Insanlarin canlarinin sikilmasi gerekiyor, yürekleri kabaracaksa kabaracak biraz, ama gerçekleri ögrenmeleri lazim. Geçen haftalarda bir arkadasim anlatti. Çok hazin bir örnek. 10 yasindaki kizinin bacaklarinda tüylenme sorunu baslamis. Doktor doktor dolastirip bir sonuç alamayinca, “Ya biz bu çocuga ne yediriyoruz ki böyle oluyor” demisler. Ve geldikleri nokta yumurta olmus. “Her gün bir yumurta veriyorduk, kestik ve tüylenme geçti. Ondan sonra organik yumurtaya döndük, bir sorun kalmadi” diyor.

- Yumurtada ne var ki?

Günde iki-üç defa yumurtlatabilmek için tavuga mutlaka bir sey yapmak zorundasiniz. Çünkü bu kadar yumurtlama hayvanin dogasinin disinda bir sey.

- O yüzden kiz çocuklari erken adet görmeye basladi, erkek çocuklarin gögüsleri büyüyor...

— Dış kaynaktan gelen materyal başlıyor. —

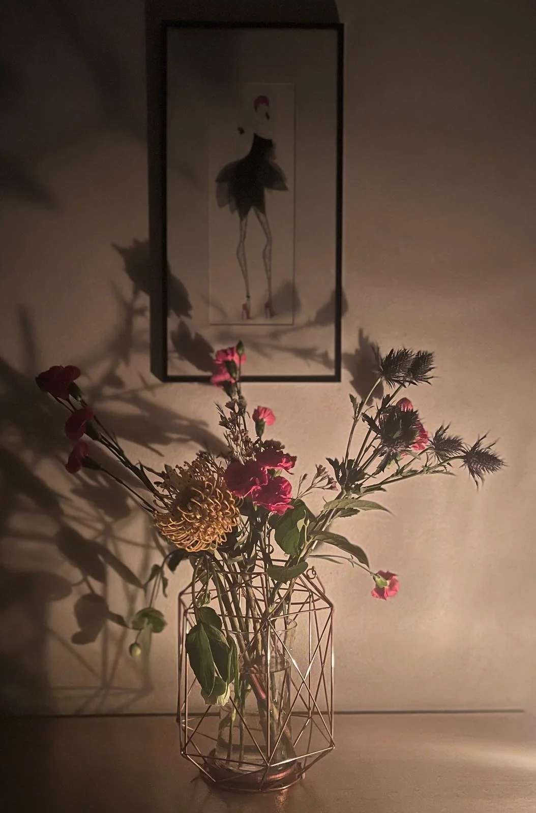 It was a Moribana style of Ikebana I had chosen subconsciously. Minimalistic in a shallow container with a kenzan. I liked the idea of creating beauty with sparseness. The only problem was, I did not have the tools or a shallow dish or a kenzan. The flowers were there but which ones should go in Moribana? And how can I do this without looking at some pictures of what is typical in a Moribana? ChatGPT was no help giving me pictures that could be zoomed. At least not the free version. ‘Way to go AI’, I sarcastically remarked to no one in particular. My pup looked at me questioningly as I spoke aloud.

Evet. Korkunç bir gidis var. Bu memleketin beslenmesinin düzelmesi gerekiyor. Büyük hastaneler açarak kanser vakalarini önleyemeyiz. Erken tani yöntemlerini gelistirerek önlenebilecek bir sey degil kanser. Beslenmemizin düzelmesi gerekiyor. Yedigimiz yumurtadan hormon aliyoruz, süt zaten süt degil, yogurt desen öyle... Bir yandan tarim ilacini bol miktarda aliyoruz. Bu sekilde beslenen vücut bir kere böyle beslense bunu karsilar, iki kere beslense yine karsilar, ama tek seçenek bu oldugu zaman hastalik kaçinilmazdir. Kanserler patladi. Batman’dan çiftçi telefon ediyor, altinci düsügü yapmis esi... Kars’tan genç bir köylü telefon ediyor, kanser... Marketten aliyormus tavugu, çünkü Kars’ta kus gribi hikâyesinden sonra 2.5 milyon köy tavugu yakilinca ellerinde tavuk kalmadi...

"GIDIS IYI DEGIL"

- Nasil öyle bir sey yapabildik? Tavuklari canli canli topraga gömdük, yaktik. Bunun günahi bile bize yeter?


Inanilmaz bir hezeyandi o... Bütün tavuklari yaktik. Birkaç yil sonra ayni hezeyan bu kez domuz gribi olarak geri geldi. Ne zaman bu hezeyan bitti? Basbakanimiz, “Ben domuz gribi asisi olmuyorum!” dedigi zaman. Saglik Bakani’ni kandiriyorlar. Ne oluyormus? Asida Avrupa’ya örnek oluyormusuz! Hadi canim! Su anda millette çok ciddi böbrek hasari var. Çünkü diyaliz merkezlerinin artmasindan bunu görebiliyoruz. Bunun en önemli nedeni; dogru beslenmiyor olusumuz. Yok iste, çok sigara içti de, ortam kötü de... Bunlarla açiklayamazsiniz. Çünkü bu tarim ilaçlarinin böbrek toksisitesi yaptigi biliniyor. Kesinlikle Basbakan’in bizzat tarim ve gida isine de el atmasi lazim! Yoksa bu gidis hiç iyi bir gidis degil!